__Work required__: Your task is to copy the stretch of lines in the records below that begins with the line containing "Individual anodized aluminum" and ends with the line containing "Mit dem Anstieg", exactly as written, with nothing added.

__Entries provided__:
┄┄┄┄┄┄┄┄┄┄

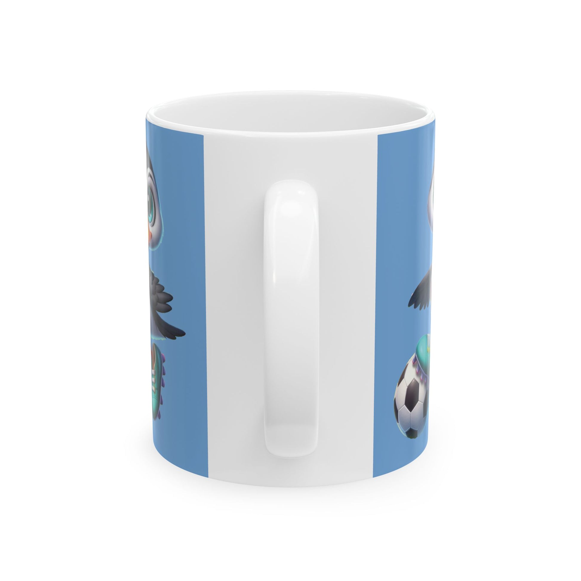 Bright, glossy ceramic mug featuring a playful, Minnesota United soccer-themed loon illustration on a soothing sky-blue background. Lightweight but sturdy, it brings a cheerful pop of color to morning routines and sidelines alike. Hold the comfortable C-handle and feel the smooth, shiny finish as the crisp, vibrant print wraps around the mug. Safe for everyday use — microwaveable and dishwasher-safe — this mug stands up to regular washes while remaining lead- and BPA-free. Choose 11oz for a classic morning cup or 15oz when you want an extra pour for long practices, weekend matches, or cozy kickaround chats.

┄┄┄┄┄┄┄┄┄┄

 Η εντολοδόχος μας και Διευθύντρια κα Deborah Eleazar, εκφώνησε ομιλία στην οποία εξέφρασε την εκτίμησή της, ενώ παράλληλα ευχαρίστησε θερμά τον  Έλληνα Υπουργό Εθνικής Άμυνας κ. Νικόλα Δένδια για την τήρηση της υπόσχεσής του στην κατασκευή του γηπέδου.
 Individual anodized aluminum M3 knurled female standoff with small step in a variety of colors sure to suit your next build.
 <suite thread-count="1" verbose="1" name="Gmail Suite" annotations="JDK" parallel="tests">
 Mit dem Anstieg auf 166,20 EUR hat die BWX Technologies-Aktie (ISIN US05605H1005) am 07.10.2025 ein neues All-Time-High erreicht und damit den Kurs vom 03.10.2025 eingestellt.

┄┄┄┄┄┄┄┄┄┄

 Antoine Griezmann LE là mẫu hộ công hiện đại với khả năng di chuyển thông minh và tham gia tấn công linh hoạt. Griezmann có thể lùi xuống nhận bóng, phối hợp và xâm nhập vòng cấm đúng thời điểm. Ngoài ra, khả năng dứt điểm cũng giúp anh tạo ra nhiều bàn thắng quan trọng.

┄┄┄┄┄┄┄┄┄┄

__Task response__:
 Individual anodized aluminum M3 knurled female standoff with small step in a variety of colors sure to suit your next build.
 <suite thread-count="1" verbose="1" name="Gmail Suite" annotations="JDK" parallel="tests">
 Mit dem Anstieg auf 166,20 EUR hat die BWX Technologies-Aktie (ISIN US05605H1005) am 07.10.2025 ein neues All-Time-High erreicht und damit den Kurs vom 03.10.2025 eingestellt.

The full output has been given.